== Segment start ==

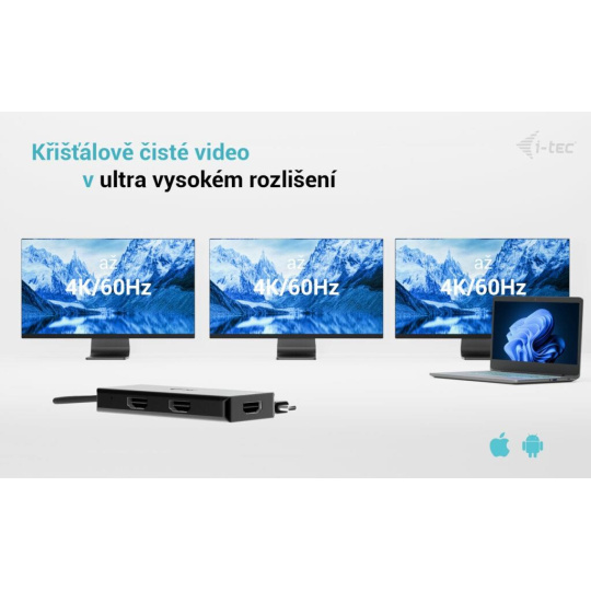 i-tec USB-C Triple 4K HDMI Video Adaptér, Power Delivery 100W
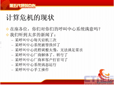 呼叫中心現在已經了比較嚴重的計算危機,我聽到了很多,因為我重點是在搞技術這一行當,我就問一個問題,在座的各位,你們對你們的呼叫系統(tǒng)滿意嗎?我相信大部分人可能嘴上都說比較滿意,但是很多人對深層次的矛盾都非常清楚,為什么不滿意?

== Segment end ==
== Segment start ==

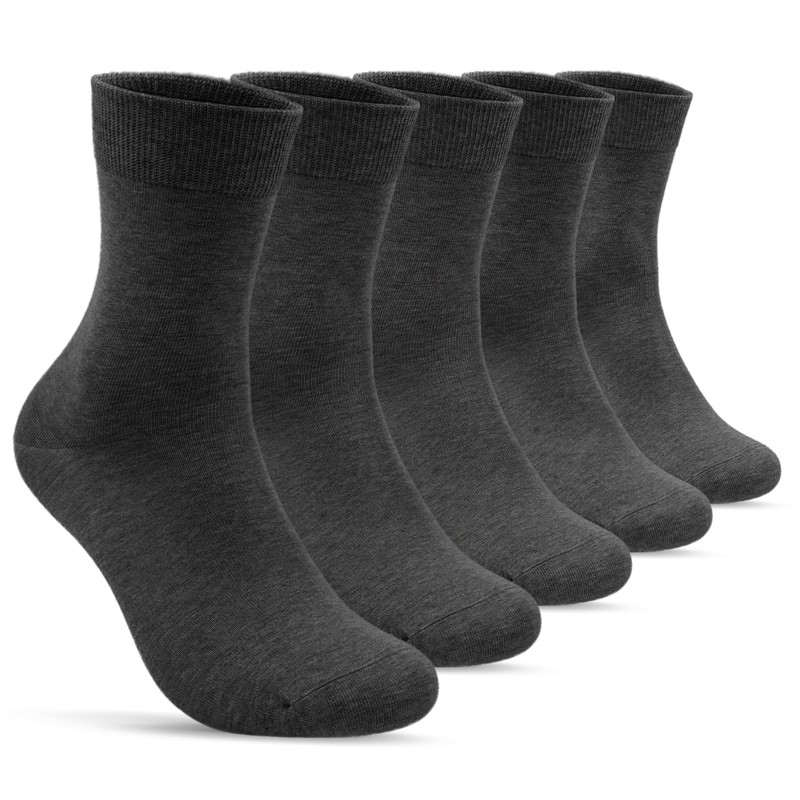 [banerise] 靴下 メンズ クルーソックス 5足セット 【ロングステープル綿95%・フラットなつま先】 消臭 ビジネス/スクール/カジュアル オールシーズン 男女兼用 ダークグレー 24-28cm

== Segment end ==
== Segment start ==

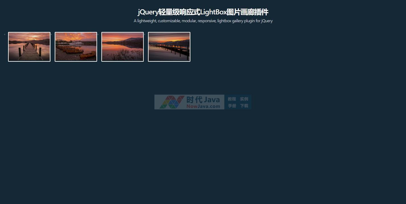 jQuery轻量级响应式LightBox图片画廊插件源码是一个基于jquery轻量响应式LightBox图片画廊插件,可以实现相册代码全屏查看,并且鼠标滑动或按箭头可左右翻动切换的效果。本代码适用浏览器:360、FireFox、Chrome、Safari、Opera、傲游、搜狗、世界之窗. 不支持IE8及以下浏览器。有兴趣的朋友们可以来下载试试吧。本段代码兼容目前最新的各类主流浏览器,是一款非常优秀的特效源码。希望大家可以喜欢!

== Segment end ==

Write back word for word every line in the entries above from the one with "i-tec USB-C Triple" to the one with "呼叫中心現在已經了比較嚴重的", ends included, and none of the pictures.

 i-tec USB-C Triple 4K HDMI Video Adaptér, Power Delivery 100W
 呼叫中心現在已經了比較嚴重的計算危機,我聽到了很多,因為我重點是在搞技術這一行當,我就問一個問題,在座的各位,你們對你們的呼叫系統(tǒng)滿意嗎?我相信大部分人可能嘴上都說比較滿意,但是很多人對深層次的矛盾都非常清楚,為什么不滿意?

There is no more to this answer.